Data for the task:
╔══

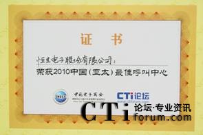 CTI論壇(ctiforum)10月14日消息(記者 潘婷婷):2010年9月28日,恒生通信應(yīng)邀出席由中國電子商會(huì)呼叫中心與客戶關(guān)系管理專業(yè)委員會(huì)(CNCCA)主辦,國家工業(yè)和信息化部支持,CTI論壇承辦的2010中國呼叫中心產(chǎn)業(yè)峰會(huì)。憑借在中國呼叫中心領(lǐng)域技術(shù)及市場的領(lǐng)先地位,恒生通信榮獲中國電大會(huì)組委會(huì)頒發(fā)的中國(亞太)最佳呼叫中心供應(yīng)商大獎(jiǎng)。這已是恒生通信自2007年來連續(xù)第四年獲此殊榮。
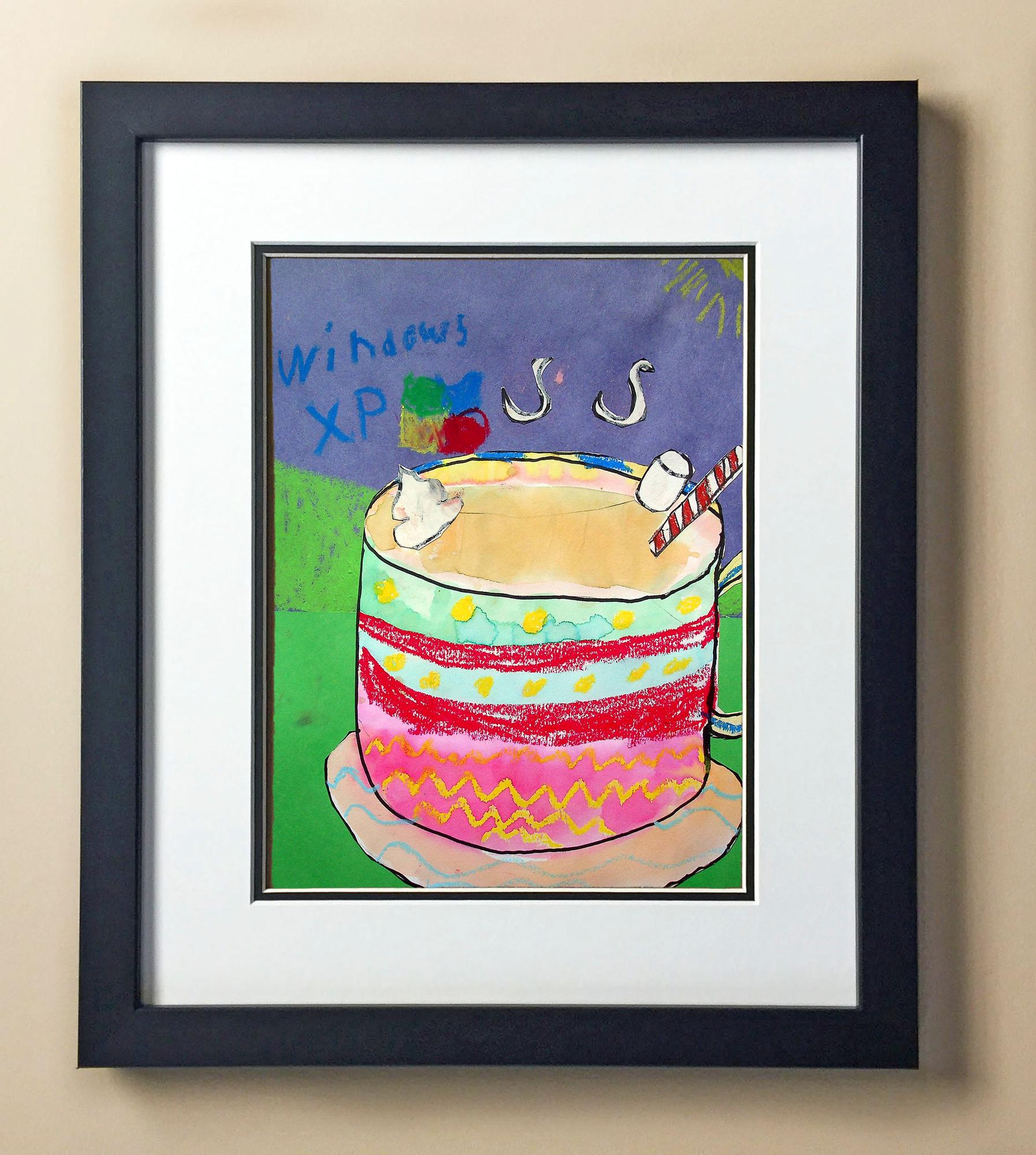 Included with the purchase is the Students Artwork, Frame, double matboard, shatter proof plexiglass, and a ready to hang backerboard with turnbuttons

╚══
╔══

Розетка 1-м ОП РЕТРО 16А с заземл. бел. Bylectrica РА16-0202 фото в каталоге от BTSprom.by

╚══

Could you output exactly the lines above, from the line with "CTI論壇(ctiforum" up to and including the line with "Included with the", and nothing else, skipping the pictures?

Task answer:
 CTI論壇(ctiforum)10月14日消息(記者 潘婷婷):2010年9月28日,恒生通信應(yīng)邀出席由中國電子商會(huì)呼叫中心與客戶關(guān)系管理專業(yè)委員會(huì)(CNCCA)主辦,國家工業(yè)和信息化部支持,CTI論壇承辦的2010中國呼叫中心產(chǎn)業(yè)峰會(huì)。憑借在中國呼叫中心領(lǐng)域技術(shù)及市場的領(lǐng)先地位,恒生通信榮獲中國電大會(huì)組委會(huì)頒發(fā)的中國(亞太)最佳呼叫中心供應(yīng)商大獎(jiǎng)。這已是恒生通信自2007年來連續(xù)第四年獲此殊榮。
 Included with the purchase is the Students Artwork, Frame, double matboard, shatter proof plexiglass, and a ready to hang backerboard with turnbuttons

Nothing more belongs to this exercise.